The general assumption is that stiffness matrix is constant in structures. But if the loads increase, deformation-load curve becomes nonlinear. The aim of this study is to analyze the vibration of a structure under these facts. The chosen sample problem is a steel single storey frame with a horizontal force. At first, classical stiffness matrix is determined under static loads. Then the structure has been reduced to a unique mass-spring system with increasing loads. It is accepted that material is ideal elasto-plastic. The change of stiffness under increasing loads will be calculated by plastic analysis. The system is not like the beginning after first plastic hinge occurs and degree of freedom of the system changes. If the load increases the decreasing of stiffness matrix continues. It is accepted that stiffness matrix is constant until first plastic hinge occurs. Also, it is accepted that the stiffness matrix is also constant between first and the second plastic hinges. By this way, a curve is obtained between load and stiffness matrix and the stiffness-force diagram has been plotted. In addition, the positions of plastic hinges have been controlled by SAP2000 computer program. Finally, the forced vibration of the sample structure under an harmonic load has been investigated. It is clear that the external load varies by time.
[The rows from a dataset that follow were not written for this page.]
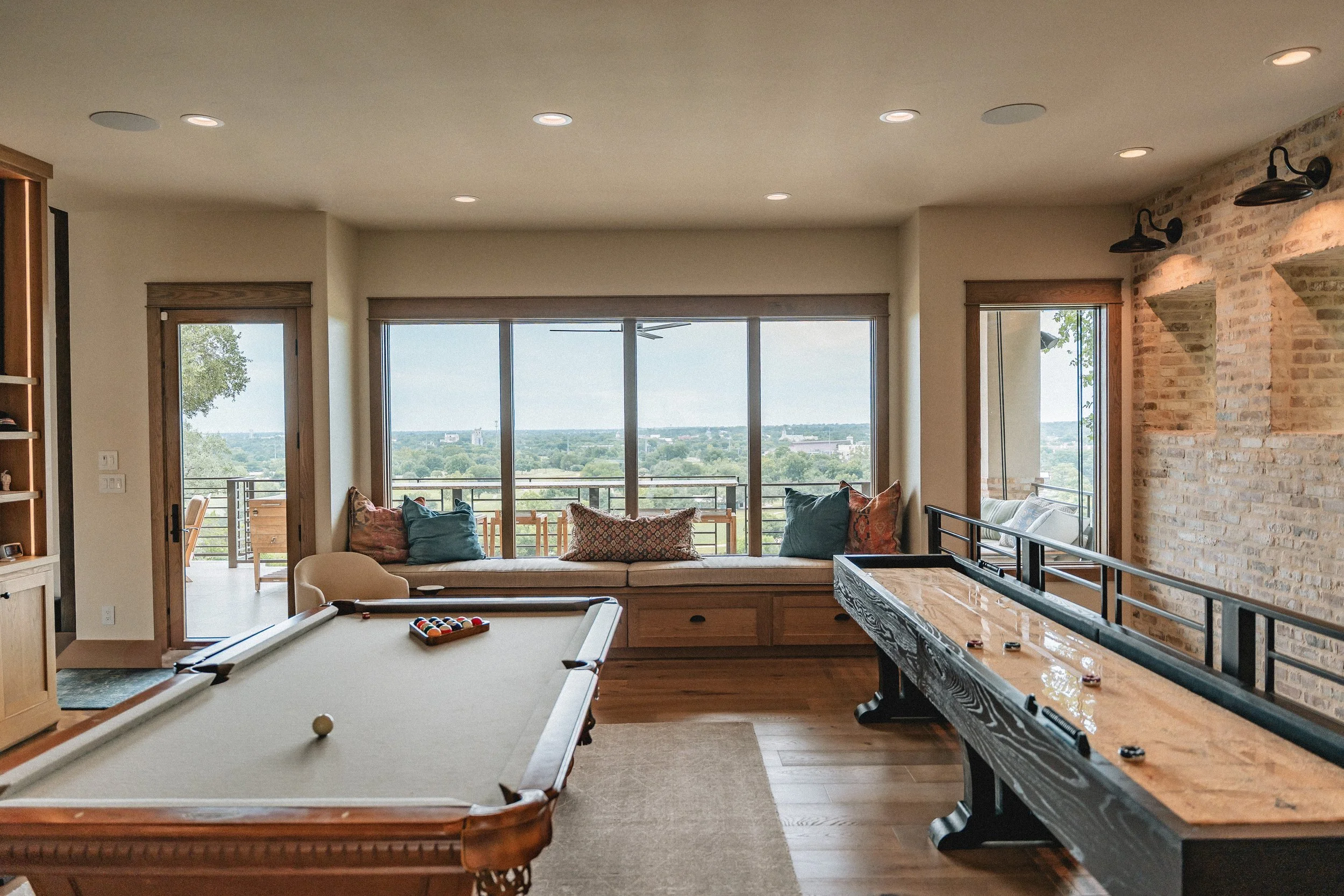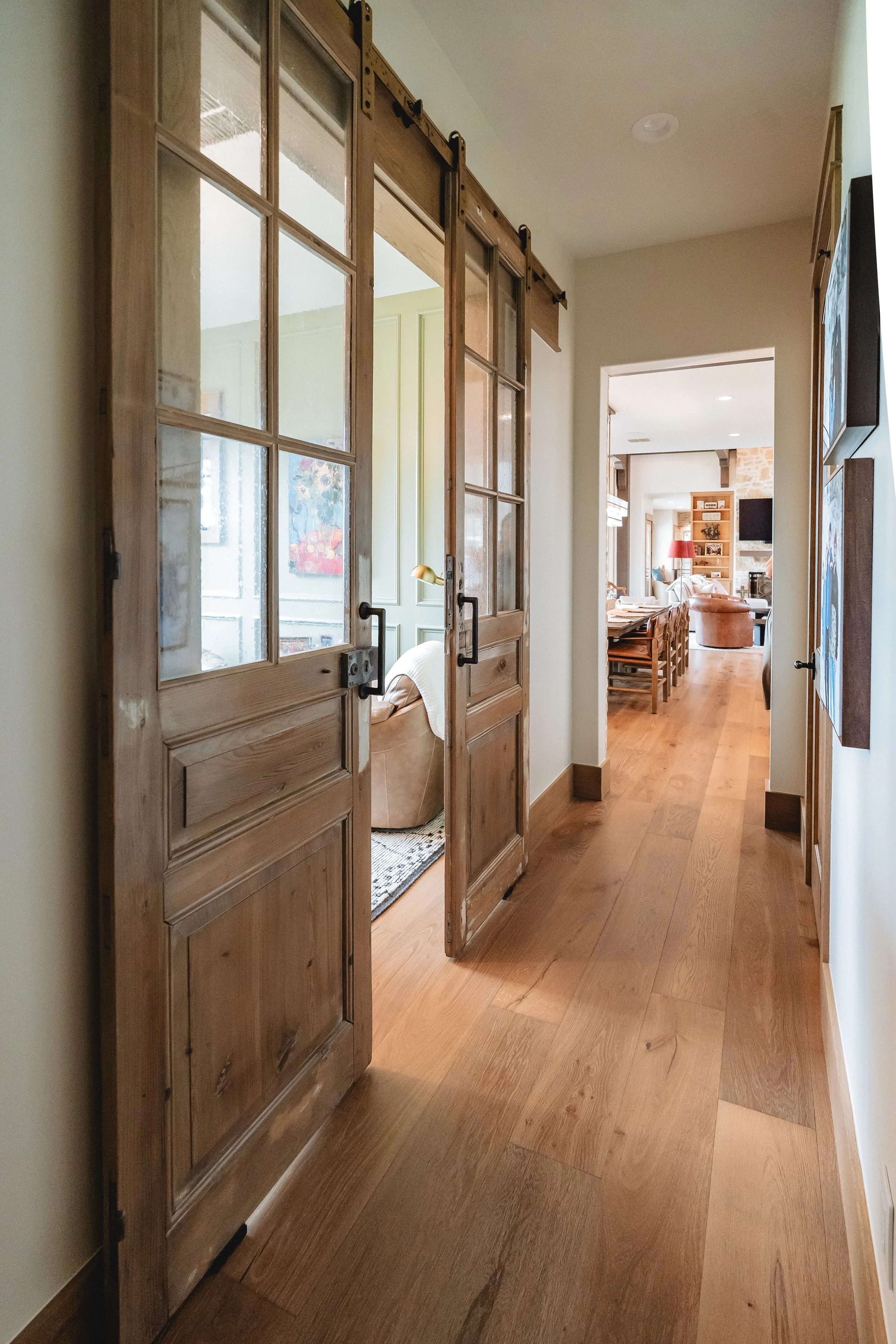 Exposed hanging beams, custom barn doors, hidden door features, and a double-sided fireplace establish character and create moments of discovery throughout the home.
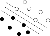 對(duì)于群體在線性可分情況下的分類(lèi)情況示意如圖1所示,由圖可知,兩類(lèi)不同的樣本被分類(lèi)線H分離,且存在兩條與H平行的直線H1和H2分別經(jīng)過(guò)了兩組樣本最靠近分類(lèi)線的樣本。針對(duì)此結(jié)果,可得出最優(yōu)分類(lèi)線的定義:針對(duì)兩樣本存在一條分類(lèi)線能將其正確分類(lèi),而且H1和H2的距離最大。
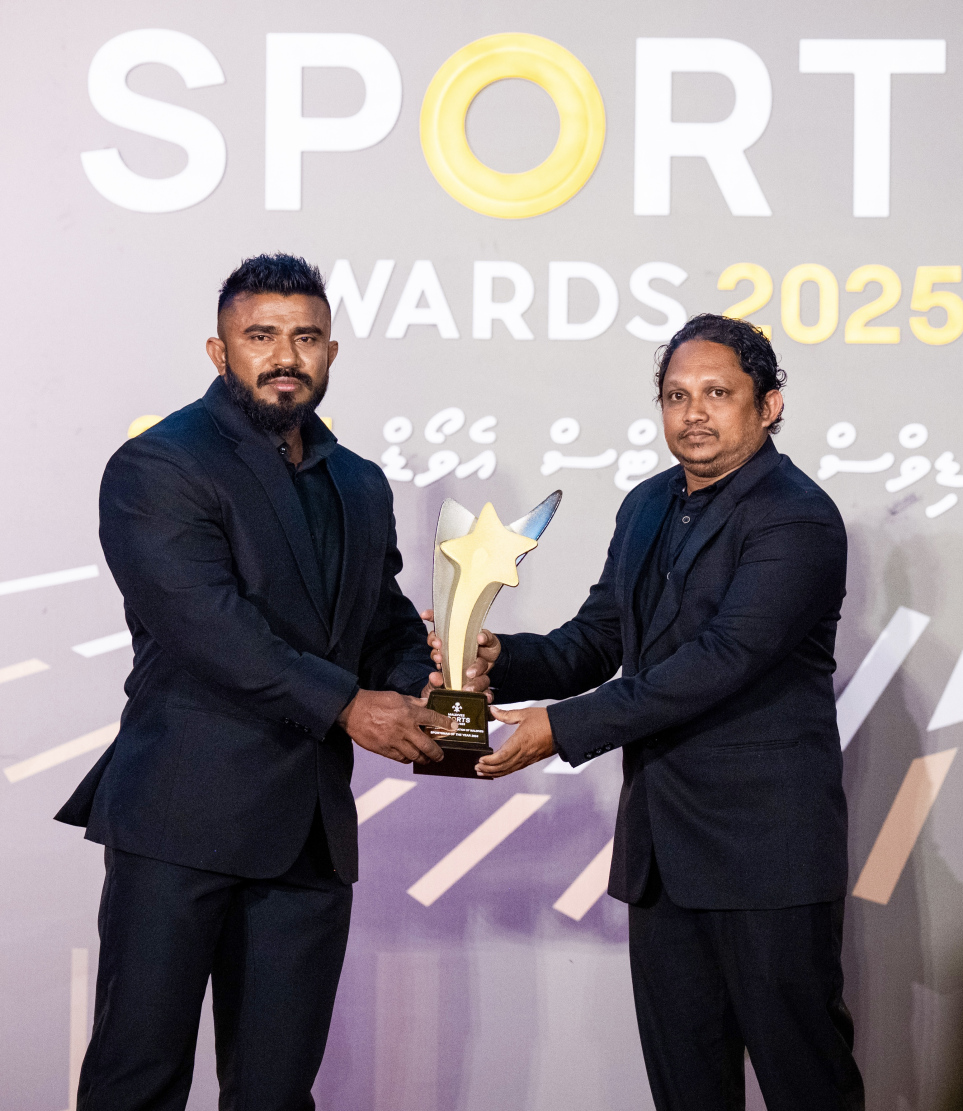 Ali Khushruwan Ahmed being presented with the Sportsman of the Year 2025 - Body Boarding award at the Maldives Sports Awards 2025 -- Photo: Nishan Ali

Then the force-time diagram and the stiffness-time graphic have also been plotted under increasing loads. The damping coefficient of the system must be calculated for every stiffness value by choosing a initial value for system damping. The displacement-time curve has also been given. The operations of increasing loads have been repeated for decreasing loads. Also the displacement-time curves for increasing and decreasing loads have been combined and they have been shown on a single diagram.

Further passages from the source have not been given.